**WHAT TO DO:** Return, word for word, only the lines of the data below that lie between the line with "1/2 SAE FLAT" and the line with "Vaso in grès", those two lines included.

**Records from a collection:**
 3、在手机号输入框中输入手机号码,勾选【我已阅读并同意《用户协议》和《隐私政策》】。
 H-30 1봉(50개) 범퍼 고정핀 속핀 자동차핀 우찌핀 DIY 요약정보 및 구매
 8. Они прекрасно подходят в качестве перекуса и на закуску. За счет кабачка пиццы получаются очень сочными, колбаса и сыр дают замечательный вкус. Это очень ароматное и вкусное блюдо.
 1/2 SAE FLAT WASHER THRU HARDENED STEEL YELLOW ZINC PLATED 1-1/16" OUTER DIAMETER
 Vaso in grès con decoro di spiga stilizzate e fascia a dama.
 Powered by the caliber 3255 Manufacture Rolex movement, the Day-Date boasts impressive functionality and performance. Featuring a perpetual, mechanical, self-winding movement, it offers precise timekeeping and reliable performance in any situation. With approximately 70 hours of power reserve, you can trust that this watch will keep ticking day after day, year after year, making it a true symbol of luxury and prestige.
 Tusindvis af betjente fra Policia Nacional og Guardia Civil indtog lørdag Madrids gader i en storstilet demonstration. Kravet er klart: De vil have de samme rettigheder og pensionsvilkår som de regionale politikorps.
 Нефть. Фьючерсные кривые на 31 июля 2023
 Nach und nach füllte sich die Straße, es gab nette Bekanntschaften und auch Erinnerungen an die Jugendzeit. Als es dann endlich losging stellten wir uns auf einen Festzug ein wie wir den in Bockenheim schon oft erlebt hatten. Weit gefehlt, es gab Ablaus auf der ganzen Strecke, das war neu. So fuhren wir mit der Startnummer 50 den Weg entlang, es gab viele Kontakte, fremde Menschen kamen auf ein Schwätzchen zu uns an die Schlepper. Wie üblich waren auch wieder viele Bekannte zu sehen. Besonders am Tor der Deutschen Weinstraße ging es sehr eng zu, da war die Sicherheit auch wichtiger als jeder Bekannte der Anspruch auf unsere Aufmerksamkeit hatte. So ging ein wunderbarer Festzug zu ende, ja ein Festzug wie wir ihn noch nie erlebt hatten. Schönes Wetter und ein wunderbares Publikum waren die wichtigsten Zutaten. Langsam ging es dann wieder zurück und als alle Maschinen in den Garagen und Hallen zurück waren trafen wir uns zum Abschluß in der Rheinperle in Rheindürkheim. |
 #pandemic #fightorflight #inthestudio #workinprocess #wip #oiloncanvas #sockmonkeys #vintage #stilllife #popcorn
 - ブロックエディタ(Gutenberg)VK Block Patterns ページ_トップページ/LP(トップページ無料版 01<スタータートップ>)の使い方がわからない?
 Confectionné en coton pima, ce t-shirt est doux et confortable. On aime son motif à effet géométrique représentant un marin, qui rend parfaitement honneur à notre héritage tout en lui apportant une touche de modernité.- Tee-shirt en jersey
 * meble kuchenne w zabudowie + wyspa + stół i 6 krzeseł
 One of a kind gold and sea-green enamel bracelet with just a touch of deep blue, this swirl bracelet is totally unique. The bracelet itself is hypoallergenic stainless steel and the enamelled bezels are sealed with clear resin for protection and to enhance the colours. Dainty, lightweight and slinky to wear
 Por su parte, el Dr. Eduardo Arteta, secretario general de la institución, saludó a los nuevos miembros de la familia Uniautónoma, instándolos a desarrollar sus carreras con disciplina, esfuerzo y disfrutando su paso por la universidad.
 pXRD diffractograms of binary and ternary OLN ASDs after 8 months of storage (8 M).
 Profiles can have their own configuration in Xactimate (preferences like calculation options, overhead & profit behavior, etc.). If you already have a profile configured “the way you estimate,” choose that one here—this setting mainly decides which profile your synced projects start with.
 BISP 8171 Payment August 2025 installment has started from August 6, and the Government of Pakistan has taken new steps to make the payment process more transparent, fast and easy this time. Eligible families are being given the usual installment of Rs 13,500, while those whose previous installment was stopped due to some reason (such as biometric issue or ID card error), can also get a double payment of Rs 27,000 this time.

**RESPONSE TO THE TASK:**
 1/2 SAE FLAT WASHER THRU HARDENED STEEL YELLOW ZINC PLATED 1-1/16" OUTER DIAMETER
 Vaso in grès con decoro di spiga stilizzate e fascia a dama.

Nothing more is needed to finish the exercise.